Post edited by ljp1993 on

Replies to: Is starting out in college algebra going to hurt me if I major in finance?

  • jacobyellsburyjacobyellsbury Registered User Posts: 261 Junior Member
    depends what you wanna do with finance. finance phd? you are pretty much screwed as you will need up to linear algebra at a minimum. IB? doubt you need anything past calc 1 but good luck getting a job in that industry
  • terencterenc Registered User Posts: 1,128 Senior Member
    Investment bankers do not use any math beyond that of pre-calc. However, it is an uphill climb for them to hire you because when they look at your resume, they will assume you have weaker quantitative skills. Furthermore, mental math questions are often asked during interviews.
  • taxguytaxguy Registered User Posts: 6,629 Senior Member
    ljp1993, don't worry about starting out with college algebra. Just finish a year of calculcus and you should be fine.
  • ljp1993ljp1993 Registered User Posts: 4 New Member
    Thanks for all your input; I do not have any interest in pursing a PhD. Investment banking is a possibility, however I have a lot more interest in asset management. It looks like College Algebra will only be for a semester at my school (not sure if that's normal), then Pre-Calc the next semester and Calculus after that. Thanks again everyone
  • ljp1993ljp1993 Registered User Posts: 4 New Member
    Just a side note, I only missed placing into pre calculus by one point. That probably doesn't make a difference in your collective assessments of my situation, but I figured it's worth pointing out.
  • ReallyOldSchoolReallyOldSchool Registered User Posts: 73 Junior Member
    I'm just speculating based on what you have revealed, but testing into pre-calc suggests that you're a student at a CC or a non-flagship public. Based on that alone, you should be realistic about where a degree in finance is likely to take you.

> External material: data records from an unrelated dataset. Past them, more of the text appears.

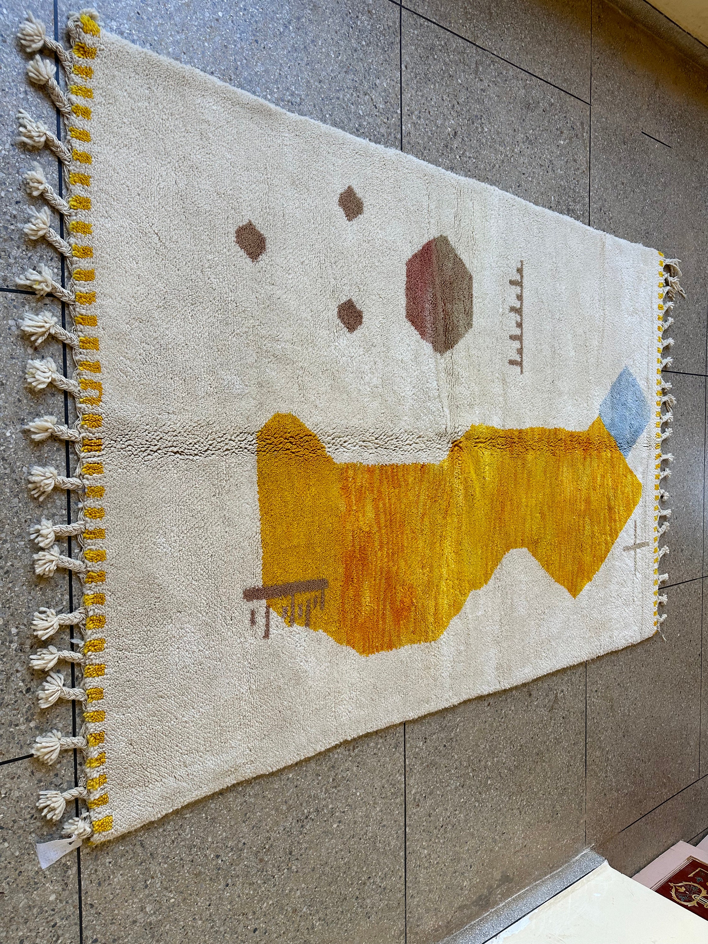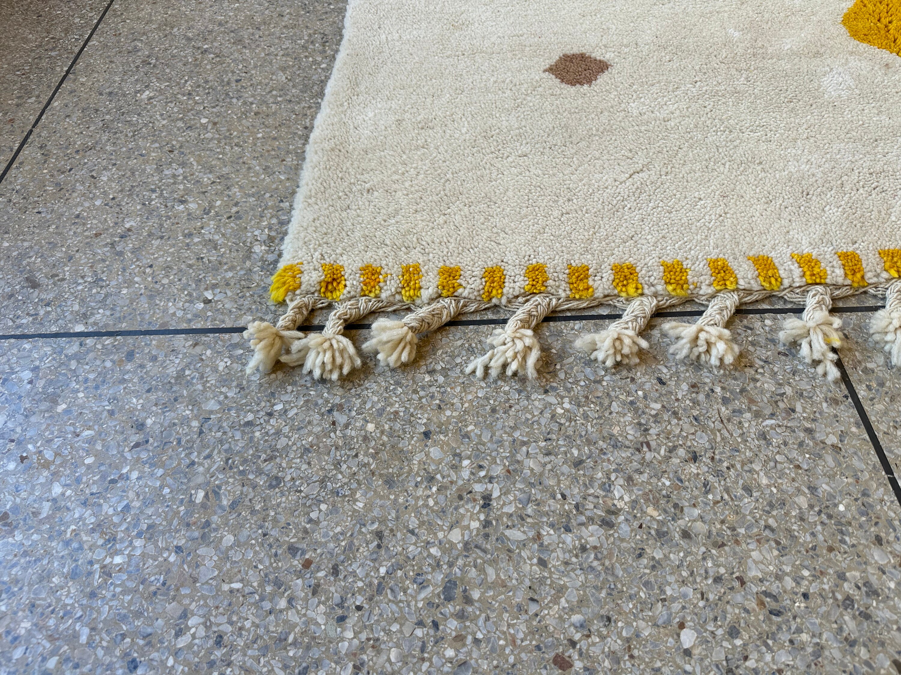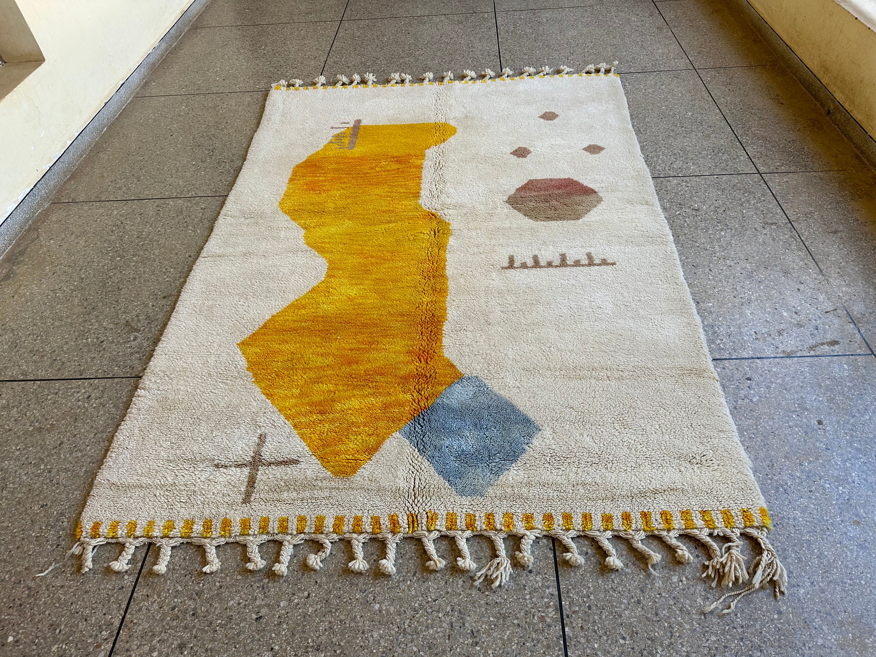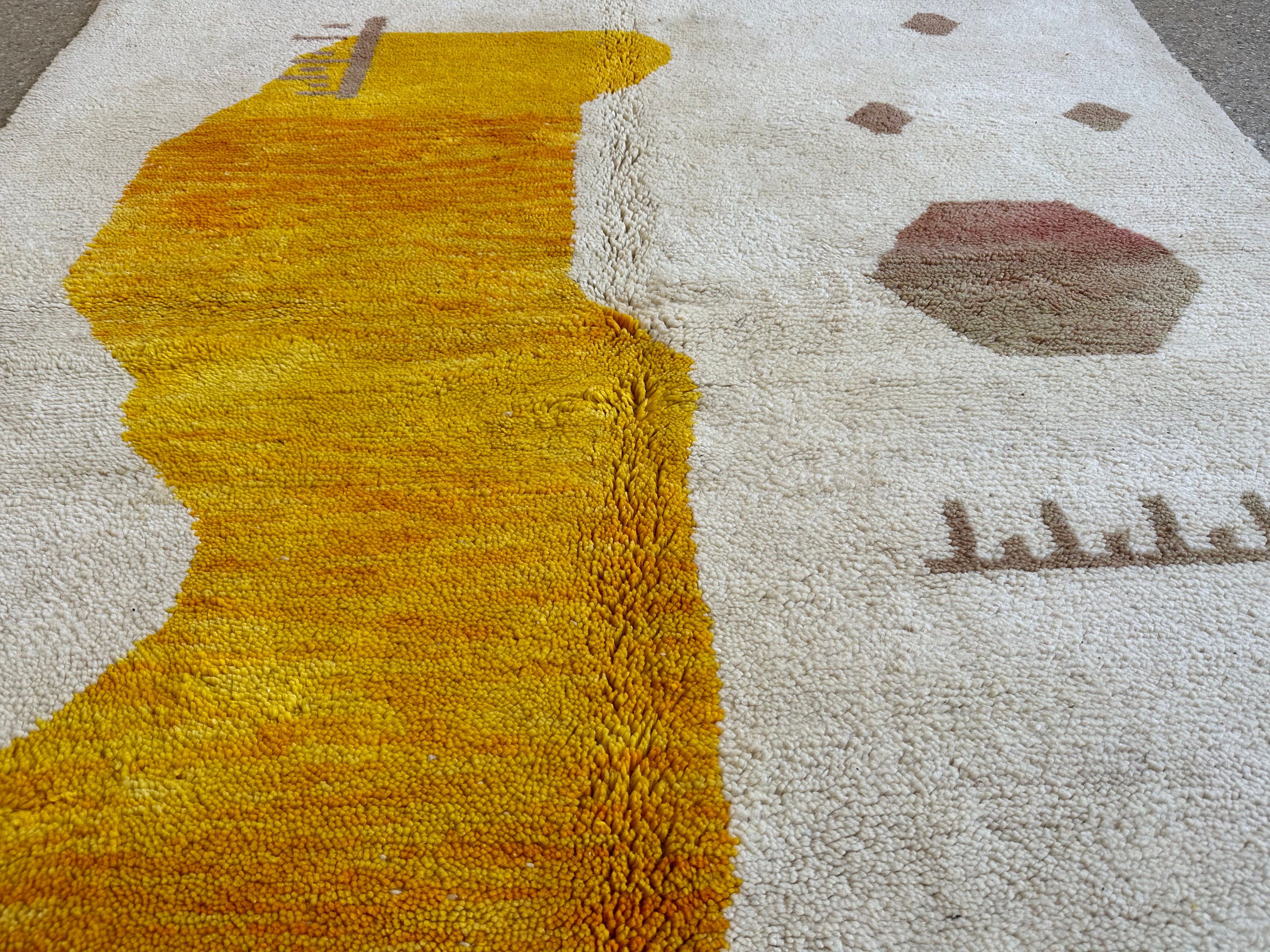 Transform your space with our stunning Yellow Beni Ourain Rug, a gorgeous and bright addition to any room. This custom Moroccan rug features an abstract design, showcasing artisan craftsmanship in every stitch. Handmade from premium wool, our abstract shag rug combines comfort and style, making it the perfect Berber carpet for your home. Elevate your decor with this unique and vibrant piece, bringing warmth and a touch of Morocco into your living space. Shop now for this one-of-a-kind focal point!
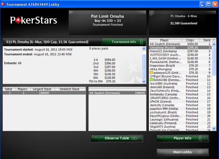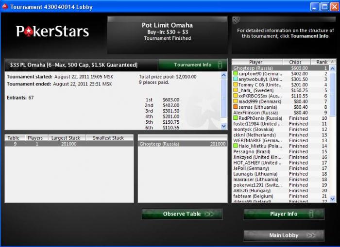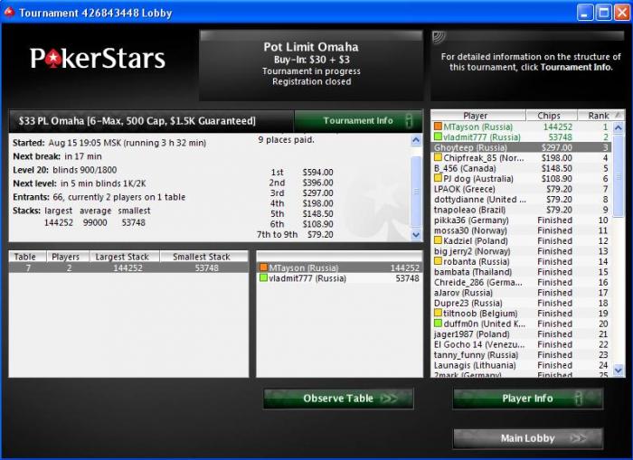 Играю в любительской лиге, МТТ на 2-3 столах. Набираются очки в общий зачет, и под конец сезона - турнир чемпионов. Но за Топ4 всегда призы, в пределах $15 - $70. Пока "дистанция"=7 турниров: один топ4, один доезд. К сожалению, сейчас перерыв и играем только раз в неделю фо фан (очки не начисляются), а за топ1 дают $25. А ты как часто в оффлайне?
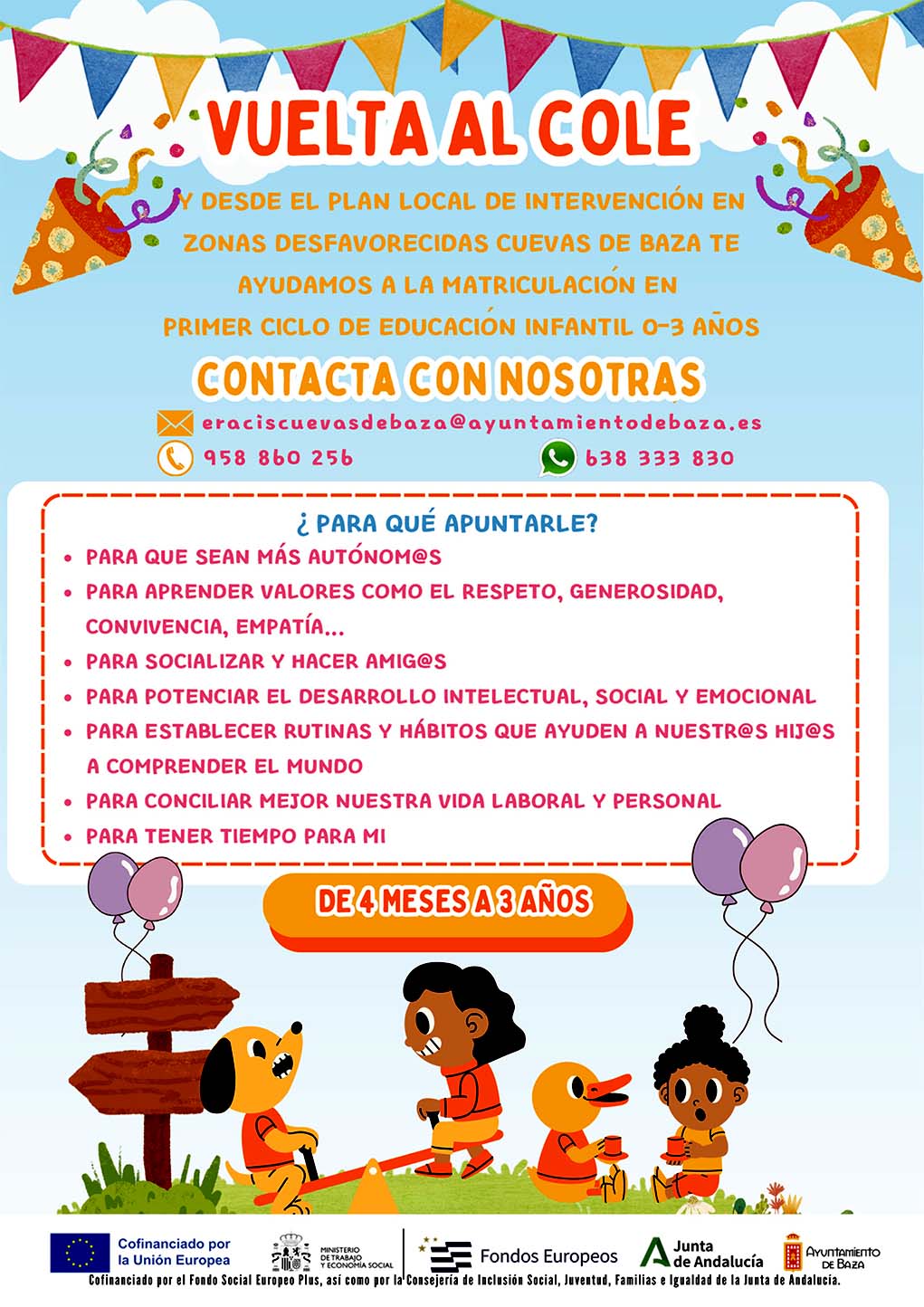 El Plan Local Cuevas de Baza ofrece ayuda para la matriculación de los niños en Centros de Educación Infantil y Escuelas Infantiles. Uno de los objetivos del Plan Local de Intervención en Zonas Desfavorecidas Cuevas de Baza, a través del programa ERACIS+, cofinanciado por el Fondo Social Europeo Plus, así como por la Consejería de Inclusión Social, Juventud, Familias e Igualdad de la Junta de Andalucía, es promocionar la escolarización temprana de los niños y niñas de la Zona Desfavorecida Cuevas de Baza en los niveles 0-3 y 3-6 años como medida de conciliación de la vida personal, familiar y laboral de las personas usuarias. Las posibilidades de conciliación refuerzan la independencia y la autonomía, mejoran el nivel de empleabilidad y por ende la inserción laboral especialmente de mujeres.
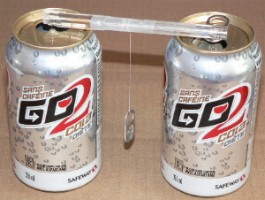 ![]() ![]() The items you'll need are shown at the left. They include the two pop cans, a pull-tab from one of the cans, tape, a sheet of aluminum foil, a short length of thread, a barrel from a cheap ballpoint pen, and two pieces of coated wire each about 30 cm long. We used wire test leads with alligator clips at the ends to make it easier to attach the wires, but if you don't have any of these, you can attach the wires with the tape. You'll also need access to an older television, since it's going to provide the power for our motor. Don't worry ... this is not a dangerous project. ![]() ![]() ![]() The pictures above illustrate how to build the motor. Begin by removing the innards from the pen barrel, and taping about 5 cm of thread to the middle. Tie the other end of the thread to the pull-tab. With the two pop cans side by side, about 7-8 cm apart, lay the pen across their tops so the pull-tab hangs down half-way between, at about the middle of the cans. Attach one of the wires to the top of the can on the left. Attach the other wire to the top of the can on the right. Then fasten the other end of the right wire to the edge of the piece of aluminum foil. Now move the whole setup to the top of your TV, and press the foil smoothly to the screen of your television. (It's easier if the TV is off when you do this). Hold the left wire in your hand ... your body will act as a ground. Turn on the TV. The pull-tab will begin to move back and forth, making a clicking noise as it hits the can on each side. Your motor is running! Here's how it works. ![]() The aluminum foil spread over the screen collects this voltage, and sends a current of electrons through the motor and into your body. You won't feel anything. (Although it's high voltage, the current is quite small ... similar to the current in a static electric shock you get by scuffing your feet on a carpet and touching someone). Both cans become negatively charged because of the excess electrons. The pull-tab remains neutral because it is insulated from the current by the pen barrel. The negative charge on the right can repels the electrons that are in the pull-tab. These can't escape the pull-tab, but they move to the side away from the right can, leaving the side of the pull-tab closest to the right can positively charged. The pull-tab is then attracted toward the right can. When the pull-tab touches the right can, extra electrons from the can jump onto the pull-tab. This makes the pull-tab negatively charged too. Now it's repelled from the right can. Now the negatively charged pull-tab is moving toward the left can, which is also negatively charged. The negatively charged pull-tab repels electrons from the surface of the left can, which becomes positively charged. It now can attract the pull-tab. When the pull-tab touches the left can, the excess electrons jump off the pull-tab onto this can. This leaves the pull-tab neutrally charged, so it is free to swing back ... and then the process begins all over again. The motor will continue to run as long as the TV is left on to act as a source of electrons. Although the current involved is similar to a static electricity charge, we discovered that touching the foil or the cans while the motor is running, or even afterward, results in quite a large shock ... not dangerous, but certainly startling. |
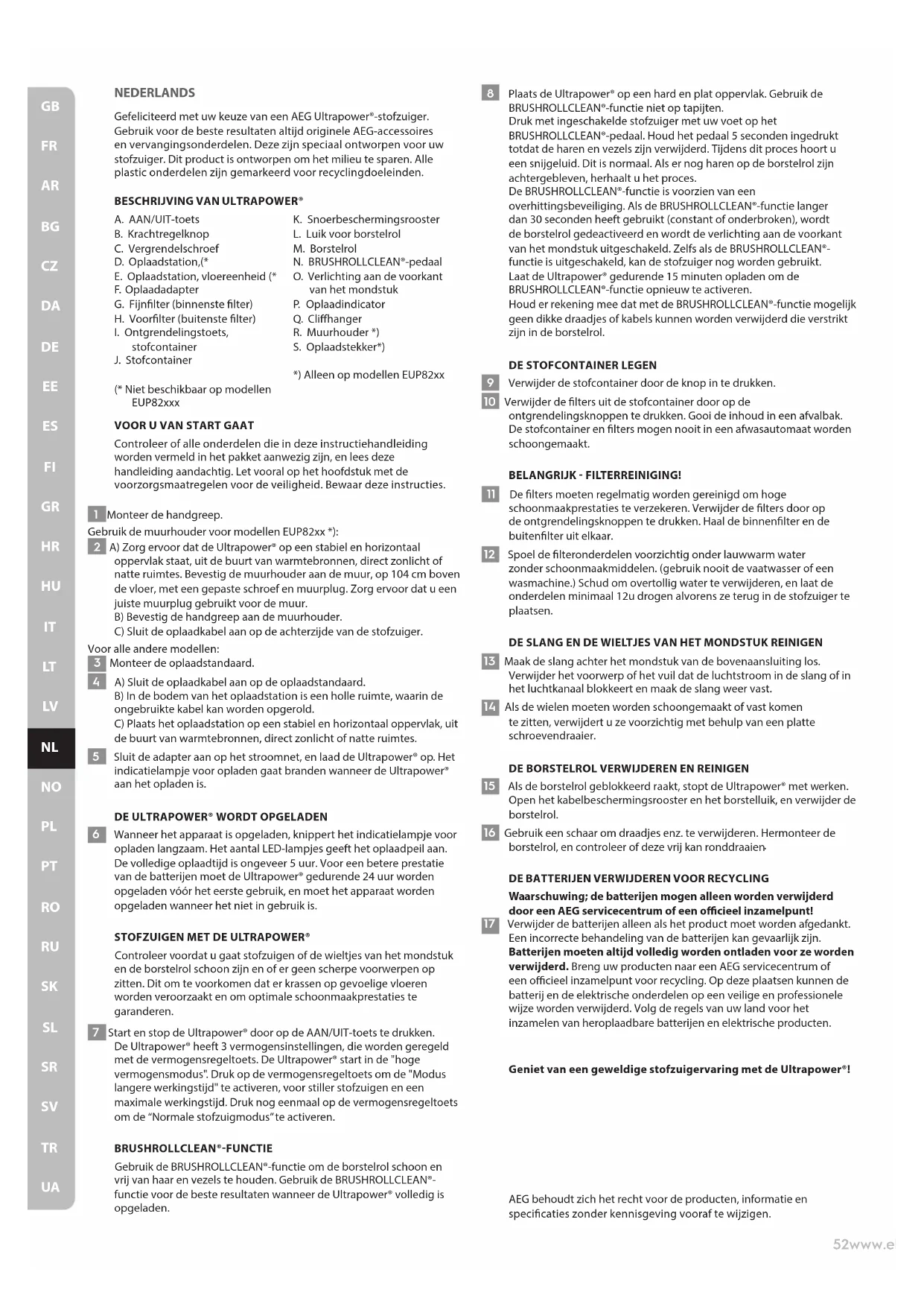 Waarschuwing; de batterijen mogen alleen worden verwijderd door een AEG servicecentrum of een ocieel inzamelpunt! 17 Verwijder de batterijen alleen als het product moet worden afgedankt. Een incorrecte behandeling van de batterijen kan gevaarlijk zijn. Batterijen moeten altijd volledig worden ontladen voor ze worden verwijderd. Breng uw producten naar een AEG servicecentrum of een ocieel inzamelpunt voor recycling. Op deze plaatsen kunnen de batterij en de elektrische onderdelen op een veilige en professionele wijze worden verwijderd. Volg de regels van uw land voor het inzamelen van heroplaadbare batterijen en elektrische producten. Geniet van een geweldige stofzuigervaring met de Ultrapower®!53www.electrolux.com

    There are probably a relative handful of exceptional individuals who have ended up in front-office Wall Street jobs having started in similar circumstances, but the odd are very long.

    If by "Asset Management" you mean peddling mutual funds at Schwab or Edward Jones, I don't think your level of math achievement is going to matter much. It might not matter much in IB either, but the fact that you're not at Harvard, Wharton etc. will matter a lot.

    If it turns out that you have real aptitude and interest in more quantitative finance, there are a lot of mid-tier, back-office, analysis type positions where what you can do matters more than who your parents are and where you went to school.
  • ljp1993ljp1993 Registered User Posts: 4 New Member
    Thanks for your input. I am currently a high school senior who will be beginning college at a four year university this fall. I will be attending Loyola University-Chicago, which while not a flagship, is a pretty good school (It seems to have a very good reputation in Chicago, which is where I want to live and work). I realize no matter how well I do and whatever my internship experiences may be before I graduate, I won't get hired at the JP Morgans of the world- I'd be lucky to land an interview. I figure I will start out at a smaller lesser known firm, work my way up, go to graduate b-school somewhere better than my undergraduate institution and see what happens after that. My eventual goal is to be able use my MBA and past experiences to join a better firm. The area of asset management I am looking to get into is private banking/wealth management so I can build relationships with wealthy clients. Once I've developed my own approach (and obviously have had a successful track record otherwise it would never happen), I want to go out on my own and manage peoples' money independently.